The Center for SafeSport, therefore, is sitting on an unprecedented dual grant of government power: it can set and enforce its own rules without any government review, and those rules take on the force of federal law.
Five Supreme Court justices are on record in support of reviving the private delegation doctrine and halting Congress’s habit of outsourcing responsibility by delegating authority.
On the same day as oral arguments in FCC v. Consumers’ Research, lawyers in Navarro et al v. U.S. Center for SafeSport filed their opening brief with the Fourth Circuit Court of Appeals challenging Congress’s delegation of “Federal, Legislative, Executive, Administrative and Enforcement Authority to the Center.” Even if the court limits their ruling in FCC v. Consumers’ Research to the first delegation of power — from Congress to the FCC — the court will have their opportunity to address private delegation soon enough.

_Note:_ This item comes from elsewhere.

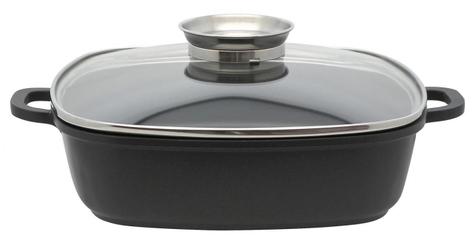ELO Aluguss Servierpfanne eckig  28 cmAluguss findet aufgrund seiner positiven Eigenschaften immer mehr Liebhaber. Das Material hält sehr gut die Wärme. Aufgrund der  mit ILAG® Basic - Antihaftversiegelung ist die Servierpfanne sehr leicht zu reinigen, da nichts haften bleibt. Sie können die Servierpfanne  auf allen Herdarten verwenden, denn sie ist  auch  induktionsfähig. Quadratische Servierpfanne mit Glasdeckel und Aromaknopf  zum einfachen Einfüllen von Flüssigkeiten Ø 28 x 28 cm,  Volumen 3,6 LiterDie Servierpfanne ist ohne Deckel bis 240°C backofenfest (mit Glasdeckel bis 180 °C)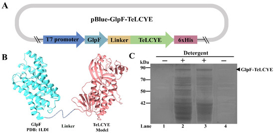 Construction and expression profiles of TeLCYE targeted to E. coli membrane. (A) The fusion structure of pBlue-GlpF-TeLCYE expression vector. GGGSGGGS was added as the linker. (B) The schematic model of fusion GlpF-TeLCYE. The structural model of TeLCYE was predicted by SWISS-MODEL. (C) SDS-PAGE validation for GlpF-TeLCYE expressed in BL21 (DE3). Lane 1, supernatant after cell lysis. Lane 2, detergent solubilized membrane supernatant after ultracentrifugation. Lane 3, detergent solubilized membrane precipitation after ultracentrifugation. Lane 4, membrane collection supernatant after ultracentrifugation.

Grassley will need to start with these constitutional deficiencies in the Center for SafeSport’s design if he wants to do more than pressure the center’s leadership through letters and hearings. He will have to move quickly before things get worse for the center and the Ted Stevens Act in both the media and courtrooms.
George M. Perry is a sports performance coach, sports businessman, and writer. Before going into the sports industry, he was a submarine warfare officer in the United States Navy and briefly attended law school.